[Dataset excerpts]
┏━━

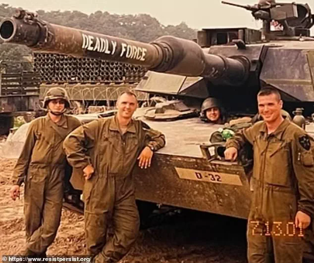 Videos posted online showed him shouting to a crowd of protesters and onlookers as the flag burned next to him. ‘I served over 20 years in the US Army.
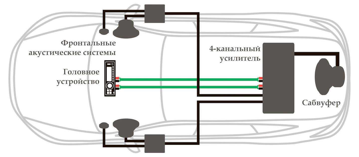 Схема с 4-канальным усилителем, работающим на фронтальную акустику и сабвуфер, по праву считается классикой автомобильных аудиосистем
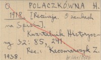 POLACZKÓWNA H. 1918 [Recenzja. O zamkach na Spiszu.]
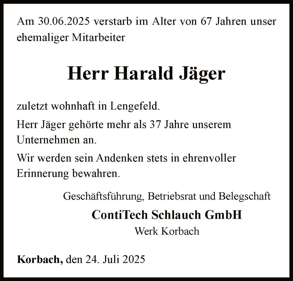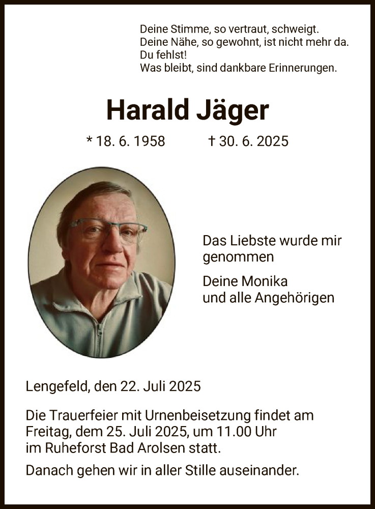 Hier finden Sie alle Traueranzeigen aus der Zeitung, die bisher für Harald Jäger erschienen sind. Weitere Traueranzeigen, die in der Zeitung erscheinen, werden hier ebenfalls aufgelistet
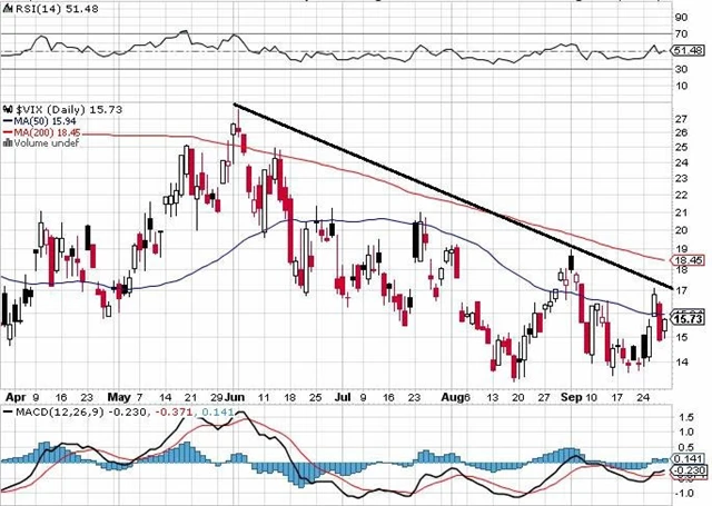 Index volatility VIX se ve středu přiblížil ke klesající trendové čáře. Podstatné je, že ji neprolomil a zůstává pod ní. To je pro akcie pozitivní signál. Jakmile VIX vystoupá nad klesající trendovou čáru a začne formovat novou rostoucí formaci, tedy půjde nad hodnotu 19, případně i nad 21, potvrdí změnu nálady na akciovém trhu.

┗━━

• **Exercise goal**: Exclude the pictures, and output exactly the lines from the one with "Схема с 4-канальным" through the last line of the records, both included.

• **Problem solution**:
 Схема с 4-канальным усилителем, работающим на фронтальную акустику и сабвуфер, по праву считается классикой автомобильных аудиосистем
 POLACZKÓWNA H. 1918 [Recenzja. O zamkach na Spiszu.]
 Hier finden Sie alle Traueranzeigen aus der Zeitung, die bisher für Harald Jäger erschienen sind. Weitere Traueranzeigen, die in der Zeitung erscheinen, werden hier ebenfalls aufgelistet
 Index volatility VIX se ve středu přiblížil ke klesající trendové čáře. Podstatné je, že ji neprolomil a zůstává pod ní. To je pro akcie pozitivní signál. Jakmile VIX vystoupá nad klesající trendovou čáru a začne formovat novou rostoucí formaci, tedy půjde nad hodnotu 19, případně i nad 21, potvrdí změnu nálady na akciovém trhu.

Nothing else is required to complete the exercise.